I am not a runner. Not naturally, not even a little bit. I used to make myself run sometimes back in high school . . . I think I even ran a few miles once or twice. I hated it. Let’s just say I’ve always been one of those people that was never very likely to live long in the event of a Zombie apocalypse. I’ve also been militantly ANTI-signing-up-for-road-races . . . partially because EVERYBODY seems to do it once they graduate from college. It’s like some misguided masochistic rite of passage. College graduation seems to perpetually be followed by road races and the eventual adoption/purchasing of a dog. And I wanted none of it. I’ve always found other fulfilling pursuits.
HOWEVER, after a LONG period of being sick (like 18 months, give or take a few), I decided that I needed a little extra motivation to get in shape, and I had seen a couple of FUN looking 5k races (you know, the color run, runs involving costumes, silly runs you can do with friends. . . you get the idea), so on New Years I told my sister that I wanted to run a 5k sometime during this new year. 5k = 3.12 miles, and I supposed I should probably be able to run 3.12 miles. I’m not big on new year’s resolutions, but it seemed like a good plan in general, SO I told her she was in charge of making sure I signed up/ran a 5k with her at some point during 2014. She agreed to make sure I followed through.
Fast-forward a few months
to a moment when I am suddenly added to a text-message strand with an abundance of unread messages. . .

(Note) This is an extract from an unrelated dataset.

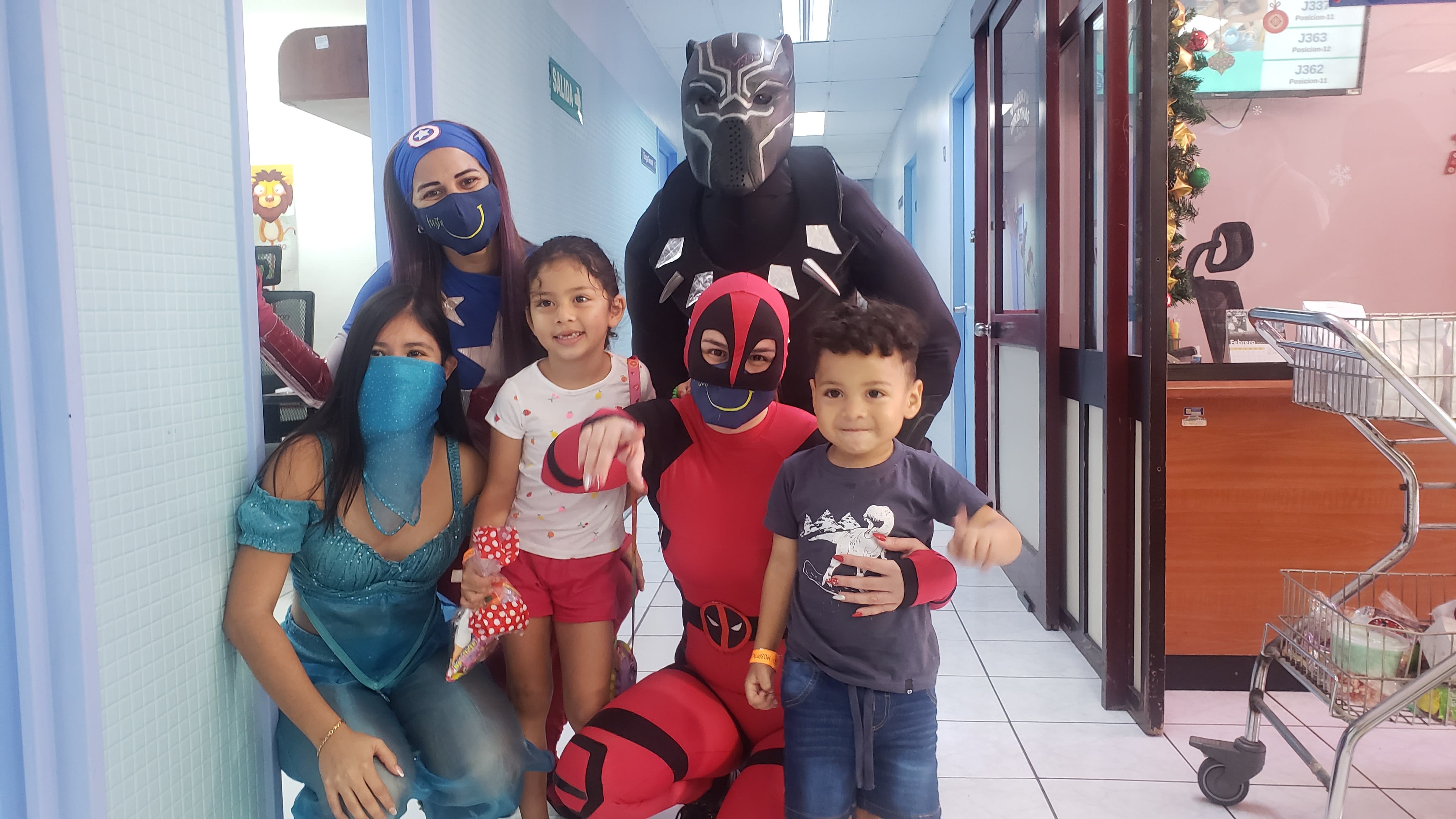 Los niños que son atendidos en el hospital de Puerto también celebraron. Varios personajes, que representaban superhéroes, llevaron entretenimiento a 50 pequeños y sus mamás, además estos recibieron regalos. La empresa privada colaboró con la participación de estos personajes.

Can we talk about this? I get added to this devious message strand by my super-scheming-yet-seemingly-oblivious siblings, the punks! I saw it, laughed really hard because I figured that I’d be in “the know” and ahead of their game . . . I would never give in to running a race longer than a 5k! Laughing at the lack of guile in my wonderful family, I posted the above picture on my facebook page, letting them know I was aware of their machinations. It was then that I learned the terrifying truth.
That’s right. My sister, who I love and trust, signed me up for a ten mile road race. Not only that, but our team name is STAR WARS, in tribute the the fact that the Broad Street Run will be taking place on May the Fourth (as in: “May the fourth be with you”). Reality began to set in as the messages continued. . .
I finally weighed in on the conversation, my own dubious opinions evident (at least, I thought so).
Fast-forward a few more weeks . . .
My initial feelings of fear and dread have now passed (mostly), and I have since decided to throw myself into the planning/preparation with dedication. I am currently in Week 4 of the following training plan, and have only missed one two-mile run so far (everybody gets sick sometimes, right?).
With a few weeks of perspective under my belt, I have to admit something. I am kind of proud of myself. I mean, don’t get me wrong, running in New England in the Winter is not exactly making it to my top 10 favorite activities in life. In fact, running in general will probably never make the favorite activities list, no matter what season we’re talking about . . . but it is kind of fulfilling and empowering to see myself get better at this miserable process as I go. I can (begrudgingly) admit that I am glad I am doing this (despite the fact that it makes me HUGELY nervous that I still have yet to run even half of what I will need to run come May)!
SO, with that small bit of perspective firmly in mind, I’ll keep training. Any tips from more veteran runners are hugely welcome, and once May 4th has come and gone, I’ll let you all know how the race goes down!